Isaiah foretold that on Mount Zion the Lord would provide for all peoples a feast of rich food and choice wines (Cf. Isaiah 25). Naturally, this prophecy was fulfilled by Jesus when he celebrated the last supper on Mt. Zion. The last supper rituals of the Catholic church both point to and make real the heavenly feast to which all peoples are invited. Jews and Greeks, slaves and free, males and females: all are invited. The invitation is universal, and the feast is universally inclusive in scope. But…
Inclusion has to be inclusion into something, otherwise, it is not inclusion. Likewise, invitation has to be invitation into something, otherwise, it is not invitation. In order to accept the invitation to be included in a feast, you must engage in feasting behavior, not fasting behavior or athletic behavior etc. Moreover, you should be attentive to the expectations of your host. Perhaps your host will expect you to use a knife and fork rather than your hands. Perhaps your host will expect you to put your cell phone away and chew with your mouth closed. If you ignore your host’s expectations, well… Jesus used the parable of the wedding feast to describe what happened to the man who was dining without a proper wedding garment (it was not a happy outcome for that poor guest).
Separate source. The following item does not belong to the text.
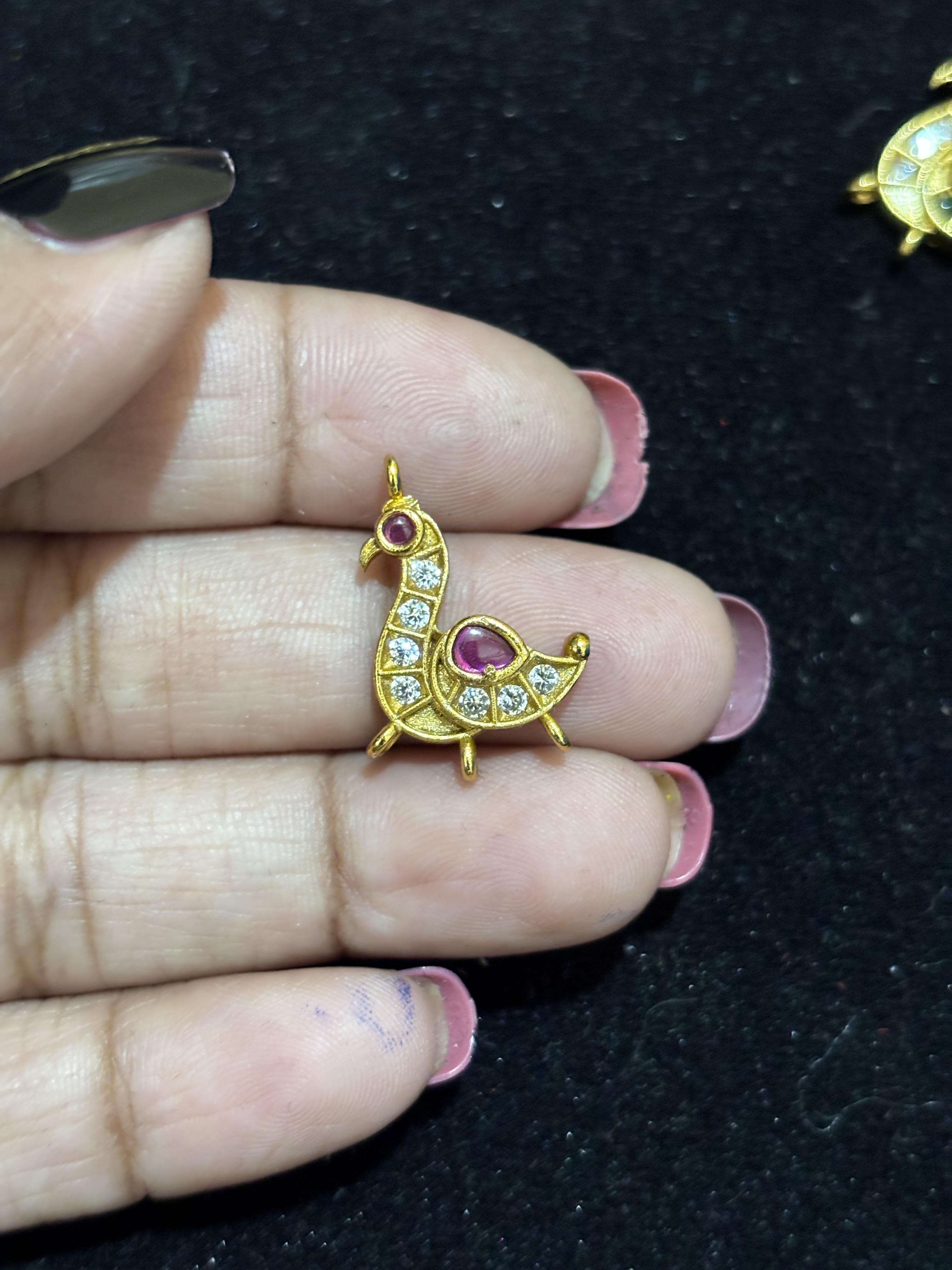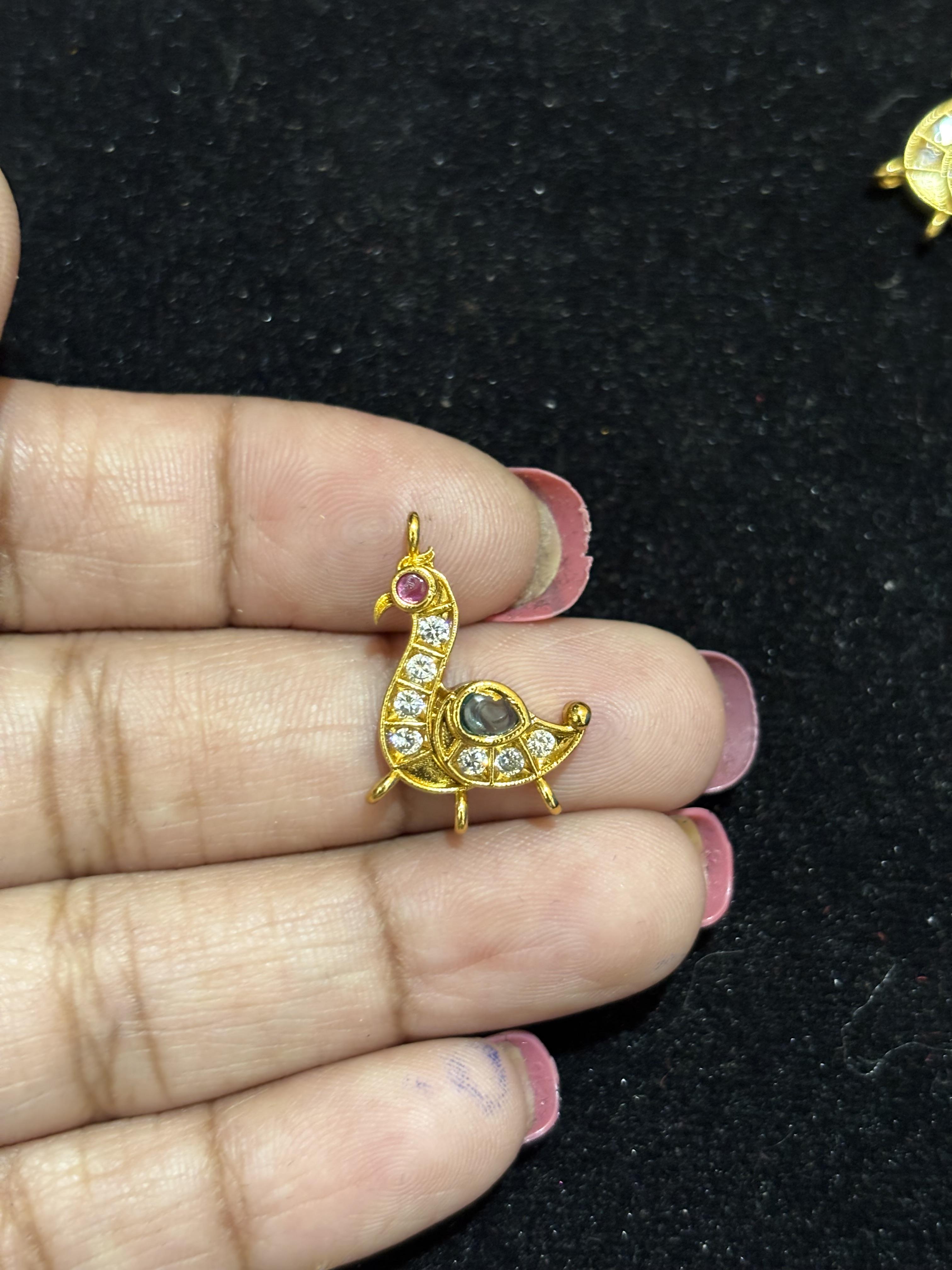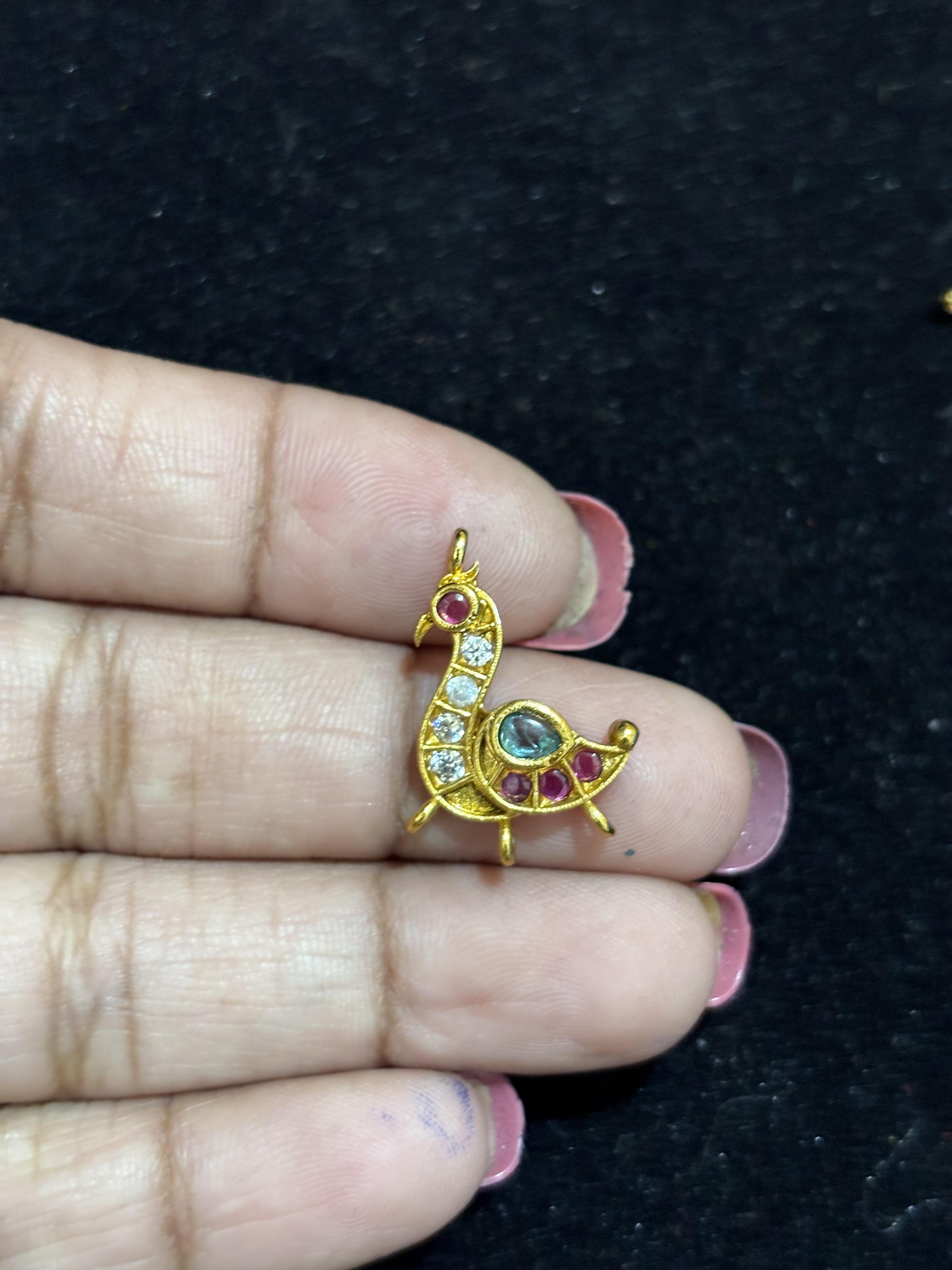 Gold Finish Peocock model Kundhan Pendant ( Random colour in this model you will receive)

The point is not that God is exclusive,that he excludes people who don’t conform to his personal whims. Rather, God is inclusive,because, as Isaiah states, the feast is for all peoples. But in order for anyone to be included, he or she has to be included in something,and, in this case, it is a feast, which, unavoidably, has conventions and expectations.
There remain two points of reflection for the practitioner of Ignatian Spirituality. The first is to see, with your imagination, what the true heavenly feast looks like, praying for the desire to participate. The second is to conform your will and your behavioral patterns to the conventions and expectations of the heavenly host, especially as taught by sacred scripture and the magisterium.